7. The list of 25 countries with the highest corruption level according to Corruption Perceptions Index from 2010, created by the Transparency International:
1. Somalia
2. Myanmar (Burma)
3 Afghanistan
4. Iraq
5. Uzbekistan
6. Turkmenistan
7. Sudan
8. Chad
9. Burundi
10. Equatorial Guinea
11. Angola
12. Venezuela
13. Kyrgystan
14. Guinea
15. Democratic Republic of Congo
16. Tajikistan
17. Russia
18. Papua New Guinea
19. Laos
20. Kenya
21. Guinea Bissau
22. Congo
23. Comoros
24. Republic of Centre Africa
25. Cambodia
8. An urgent problem of today world is the phenomenon of the terrorism.
Situations in which the physical assault ocurred, and was used by the
individual or by the group of people in order to achieve some political
aims, can be called the acts of terror. In practice, however, it is hard to say
if it was the act of terror, or national independence movement because
they both are of violent character, but in the eyes of perpetrators they are
justified actions which are to lead to liberation of the nation.
The terrorist attacks as the instrument of the political fight increased in the
early-70’s in the 20th century, along with the development of the national
independence movements of ETA and IRA, and the so-called pinkos and
Islamic Terrorism. However, many people tend to think that true terrorism
has begun since 11th Semptember, 2001 when the twin World Trade
Center towers were attacked.
The most well-known terrorist organizations of the 20th century are IRA, ETA,
Hamas and the al-Qaeda.
At present, there are 48 terrorist formations known to the American
Department of the Defence that are threatening the US.
9. Breaking human rights is a global problem requiring the close cooperation of the
countries and citizens of the world. We will indicate only main causes and types of
breaking women and children’s rights in this place.
Cultural, economic and social causes are among main reasons of breaking women and
children rights. One should remember that societies differ in customary norms,
and in one culture such practices can be recognized as the infringement of human
rights, whereas in other cultures do not cross the social standards and limitations
(e.g. the attitude to women or types of administered penalties).
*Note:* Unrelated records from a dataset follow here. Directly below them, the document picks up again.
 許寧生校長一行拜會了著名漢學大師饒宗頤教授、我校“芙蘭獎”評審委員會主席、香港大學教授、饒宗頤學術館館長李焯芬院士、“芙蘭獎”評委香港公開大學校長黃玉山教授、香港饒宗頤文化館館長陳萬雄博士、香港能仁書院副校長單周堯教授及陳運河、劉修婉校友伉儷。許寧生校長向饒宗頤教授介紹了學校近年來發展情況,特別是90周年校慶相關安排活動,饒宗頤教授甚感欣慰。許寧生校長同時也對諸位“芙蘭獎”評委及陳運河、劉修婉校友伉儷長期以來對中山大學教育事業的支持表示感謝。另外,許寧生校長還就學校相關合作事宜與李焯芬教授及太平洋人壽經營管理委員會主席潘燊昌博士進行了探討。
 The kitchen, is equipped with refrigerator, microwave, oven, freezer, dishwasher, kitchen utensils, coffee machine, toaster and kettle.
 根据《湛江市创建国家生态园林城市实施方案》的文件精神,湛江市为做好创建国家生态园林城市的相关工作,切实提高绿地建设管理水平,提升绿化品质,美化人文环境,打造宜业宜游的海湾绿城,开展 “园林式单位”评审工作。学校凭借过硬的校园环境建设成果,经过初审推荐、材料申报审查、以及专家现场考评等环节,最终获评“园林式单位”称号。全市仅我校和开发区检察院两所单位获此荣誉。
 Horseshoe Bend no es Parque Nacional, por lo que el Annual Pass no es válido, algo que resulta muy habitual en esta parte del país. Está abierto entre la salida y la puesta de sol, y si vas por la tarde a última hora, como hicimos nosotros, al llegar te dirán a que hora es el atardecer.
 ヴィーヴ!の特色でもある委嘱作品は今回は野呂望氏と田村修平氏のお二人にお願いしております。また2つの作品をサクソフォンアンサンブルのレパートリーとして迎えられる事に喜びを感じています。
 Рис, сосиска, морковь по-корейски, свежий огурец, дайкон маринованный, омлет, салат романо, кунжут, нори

Political issues are often a reason of breaking human rights - some countries of the
world (most often totalitarian and authoritarian ones) limit personal and political
laws of their citizens (e.g. the personal inviolability, the right to the expression and
forming unions, right to the just and impartial court, freedom of speech) being
afraid of losing the power. Armed conflicts during which the human rights are also
broken, are also treated as the political reasons. Vast economic
underdevelopment can also be a reason for not respecting human rights. The
another reason for breaking human rights are also rooted in human nature
chauvinist, racist or xenophobic attitudes, causing the discrimination other people
because of their skin colour, religious belief, or origin.
10. Lithuania, as the first Baltic country, admitted that this
problem is present within it boundries. Every single
year 120 thousand people are an object of the trade in
Europe, among which about 3 thousand are women
that come from the Baltic countries. 1000-1200 of
these women are citizens of Lithuania. Non-
governmental organizations of Lithuania started the
fight with this problem in 2006. The increasing
unemployment, social problems, small income and the
lack of the education – these facts increase the
number of potential victims. The most common victims
are the girls between 17-23 years of age, and are often
from disfunctional families, or from orphanages.
11. What problems in everyday life have persons, who
were made to leave their own country, got?
What are the social effects of the destruction of the
environment in your opinion? What can you do to
counteract the destruction of the environment?
Can the scientific progress have the negative
influence on the society? What can it be?
What are the social effects of the corruption?